### What this task involves
Once you find the line with "Hippie Women's Gothic" in the listing below, set down exactly every line from it through the line with "Die Gastgeber legten", but no pictures.

### Records provided
_ _ _

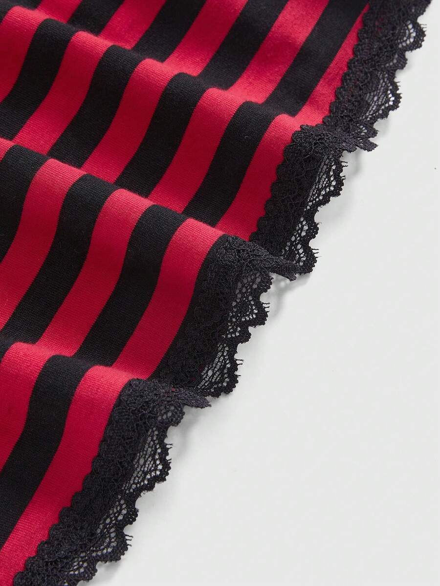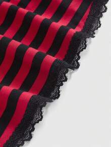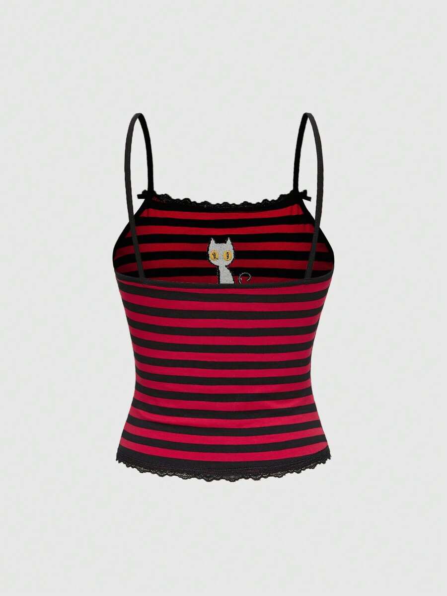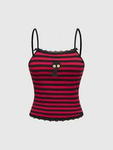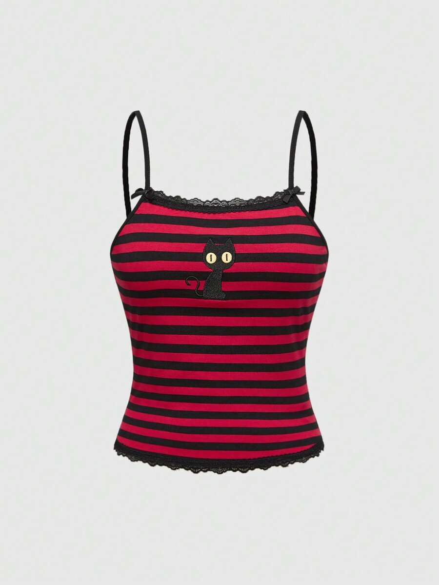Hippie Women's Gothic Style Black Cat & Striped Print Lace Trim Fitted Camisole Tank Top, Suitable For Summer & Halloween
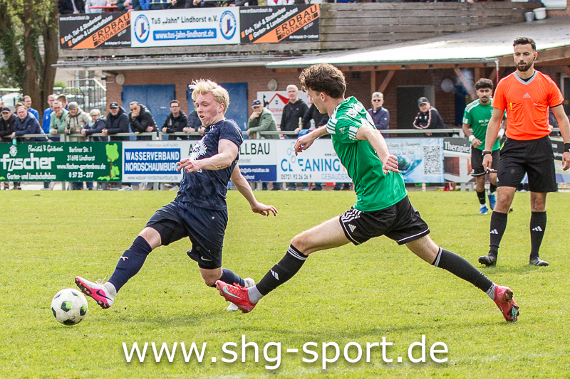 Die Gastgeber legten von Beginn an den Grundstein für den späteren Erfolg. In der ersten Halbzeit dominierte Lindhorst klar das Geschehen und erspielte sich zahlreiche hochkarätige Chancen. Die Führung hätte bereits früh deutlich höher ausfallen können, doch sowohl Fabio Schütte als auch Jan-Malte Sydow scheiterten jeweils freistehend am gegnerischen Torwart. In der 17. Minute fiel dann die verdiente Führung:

_ _ _

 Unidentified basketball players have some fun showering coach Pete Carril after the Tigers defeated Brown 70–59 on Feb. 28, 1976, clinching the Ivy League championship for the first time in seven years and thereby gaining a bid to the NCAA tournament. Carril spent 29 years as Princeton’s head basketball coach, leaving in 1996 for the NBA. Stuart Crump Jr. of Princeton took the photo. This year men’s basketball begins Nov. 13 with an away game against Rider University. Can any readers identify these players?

_ _ _

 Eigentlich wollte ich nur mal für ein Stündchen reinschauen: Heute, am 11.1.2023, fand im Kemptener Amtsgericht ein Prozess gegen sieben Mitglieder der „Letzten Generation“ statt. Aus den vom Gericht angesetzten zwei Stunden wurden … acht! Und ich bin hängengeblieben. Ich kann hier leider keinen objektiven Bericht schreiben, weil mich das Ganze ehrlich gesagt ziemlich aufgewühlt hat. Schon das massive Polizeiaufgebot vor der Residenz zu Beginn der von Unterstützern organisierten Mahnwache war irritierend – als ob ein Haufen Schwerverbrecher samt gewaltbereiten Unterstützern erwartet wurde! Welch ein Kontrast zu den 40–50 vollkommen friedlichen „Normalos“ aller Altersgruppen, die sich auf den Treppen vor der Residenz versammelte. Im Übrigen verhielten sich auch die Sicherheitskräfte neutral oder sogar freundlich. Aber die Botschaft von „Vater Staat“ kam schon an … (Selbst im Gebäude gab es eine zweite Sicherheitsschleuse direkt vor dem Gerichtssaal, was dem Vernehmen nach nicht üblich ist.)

_ _ _

### Task answer
Hippie Women's Gothic Style Black Cat & Striped Print Lace Trim Fitted Camisole Tank Top, Suitable For Summer & Halloween
 Die Gastgeber legten von Beginn an den Grundstein für den späteren Erfolg. In der ersten Halbzeit dominierte Lindhorst klar das Geschehen und erspielte sich zahlreiche hochkarätige Chancen. Die Führung hätte bereits früh deutlich höher ausfallen können, doch sowohl Fabio Schütte als auch Jan-Malte Sydow scheiterten jeweils freistehend am gegnerischen Torwart. In der 17. Minute fiel dann die verdiente Führung:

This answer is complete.